As big data clusters become bigger and larger, the probability of local failures is getting higher and the distributed consistency of cluster core data becomes more and more difficult to guarantee. The advent of zookeeper solves this tricky problem by implementing the well-known fast Paxos algorithm, which provides a clustered distributed consistency service that enables other platforms and applications to achieve distributed consistency of data by simply invoking its services. No need to care about specific implementation details, so big data platform developers can focus more on the platform's own characteristics. For example, the storm platform uses zookeeper to store cluster meta information (such as node information, status information, task information, and so on), so that the fault tolerant mechanism can be implemented simply and efficiently. Even if a component fails, the new replacement can quickly register on the zookeeper and get the required meta information to restore the failed task. In addition to distributed consistency, zookeeper can also be used as leader selection, hot standby switching, resource positioning, distributed locks, configuration management, and more.

data in its life cycle is mobile , often there will be generated, collected, stored, calculated, destroyed and other different states, the data can flow between different states, but also from the same state of the internal flow (such as the State of computing), the flow of upstream and downstream carriers have many kinds, such as terminal, Online log server, storage cluster, compute cluster, and so on. In the background, most of the time is the flow between the big data platform, so the big data platform is not isolated, processing data, they tend to become upstream and downstream relationships, and the data from the upper stream to swim down, you need a data pipeline to properly connect each data correctly up and down the tour, The requirements for this scenario can be well solved using the Kafka cluster. Originally developed by LinkedIn, Kafka is a distributed message publishing and subscription system. The Kafka cluster can act as a big data pipeline, responsible for correctly connecting the top and bottom of each type of data. Each upstream data is sent to the Kafka cluster, while downstream is flexibly selecting the upstream data that it needs by subscribing to the Kafka cluster. Kafka supports multiple downstream subscriptions for the same upstream data. When data is generated upstream, Kafka will persist the data within a certain time window, waiting for the downstream to read the data. Kafka's data persistence and internal fault tolerance mechanism provide better data reliability, which is suitable for both offline and online message consumption.

The date of birth of the above platform is as follows:

Big data platforms greatly increase the productivity of the industry, making it easier and more efficient to store and compute massive amounts of data. Through the use of these platforms, can quickly build a large-capacity users of the application, mobile Internet is in their catalytic rapid development, change our lives.

Big Data Evolution Trajectory

Related Article

Contact Us

The content source of this page is from Internet, which doesn't represent Alibaba Cloud's opinion; products and services mentioned on that page don't have any relationship with Alibaba Cloud.
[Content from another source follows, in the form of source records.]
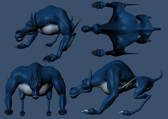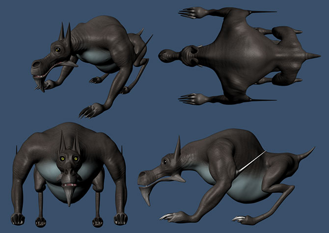 Concept, model and animate a pack of Garmr (Norse hellhounds) in their environment (cave/den) and set up to view in VR (Virtaul Reality). I learned a lot about creture and environmetal design from this project. I want to created a pack of Garmr, each having their own personality, reflected in apperence and movements.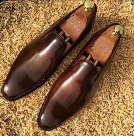 Awesome Wear Men's Hand Stitch Dark Brown Moccasin Genuine Leather Formal Shoes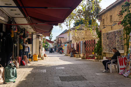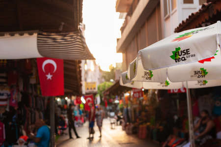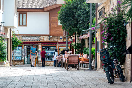 Antalya, Turkey - November 15, 2021: marketplace and street restaurant in Kaleiçi - the historical city center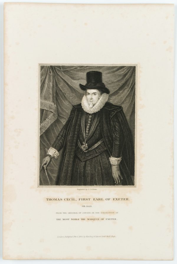 - Bezeichnung: Unten signiert und betitelt: “Thomas Cecil, First Earl of Exeter. OB. 1621. From the Original of Jansen. In the collection of The Most Noble The Marquis of Exeter.”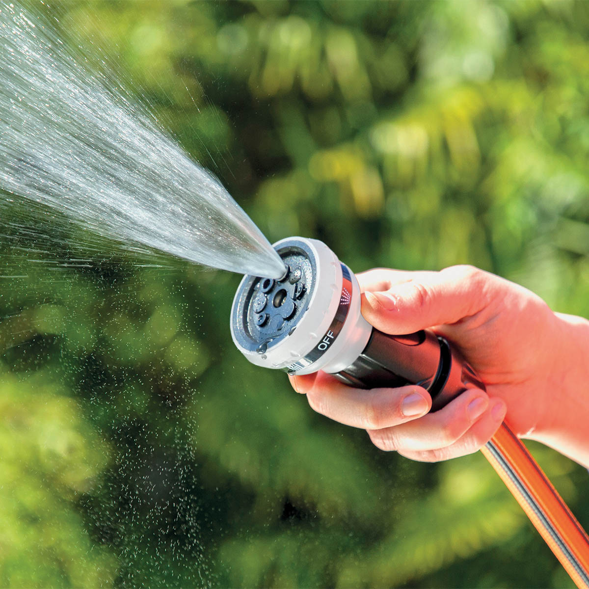 Manguera extensible, compacta y en un kit listo para usar. Al pasar el agua, la manguera se extiende hasta triplicar su longitud (longitud máx. 25 m); después del uso, la manguera se recoge sola, para guardarla ocupando un espacio mínimo. Materiales atóxicos y de primera calidad. Kit compuesto por conexión de grifo 3/4”, conectores automáticos y lanza multifunción, para escoger entre 6 chorros distintos (+ 2 posiciones OFF). Presión máx. de uso: 5 bar.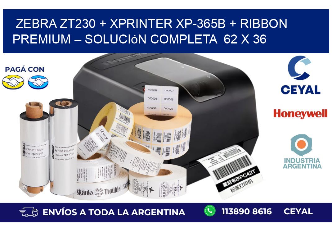 Zebra ZT230 + Xprinter XP-365B + Ribbon Premium – Solución completa 62 x 36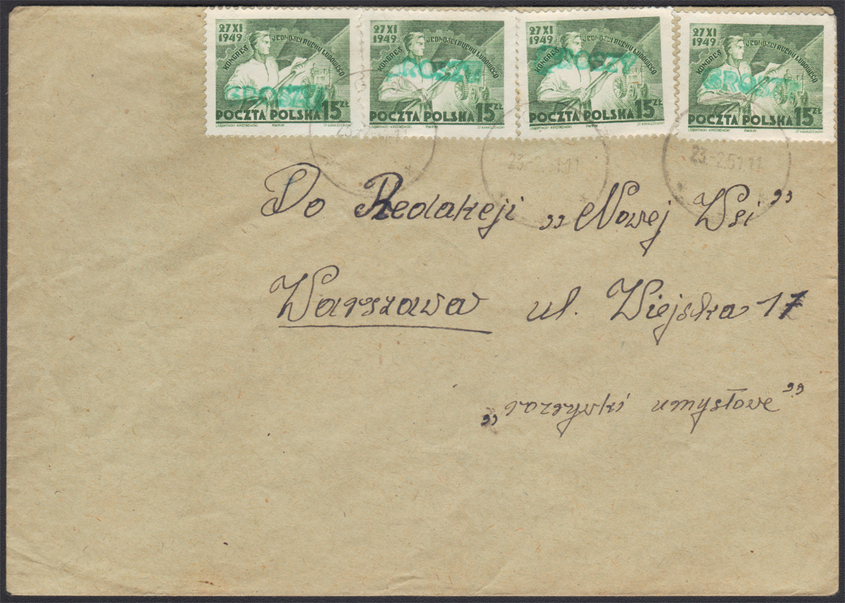 1950 groszy, list z Miechowa do Wrocławia opłacony znaczkami z nadrukiem groszy typ 3 w kolorze fioletowym. | Fi.503 Mi.644 |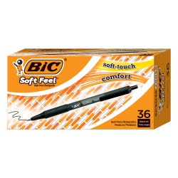 BIC Soft Feel Retractable Pen, 1.0 mm Medium Tip, Black, Pack of 36

If the content of the page makes you feel confusing, please write us an email, we will handle the problem within 5 days after receiving your email.

If you find any instances of plagiarism from the community, please send an email to: info-contact@alibabacloud.com and provide relevant evidence. A staff member will contact you within 5 working days.

A Free Trial That Lets You Build Big!

Start building with 50+ products and up to 12 months usage for Elastic Compute Service

  • Sales Support

    1 on 1 presale consultation

  • After-Sales Support

    24/7 Technical Support 6 Free Tickets per Quarter Faster Response

  • Alibaba Cloud offers highly flexible support services tailored to meet your exact needs.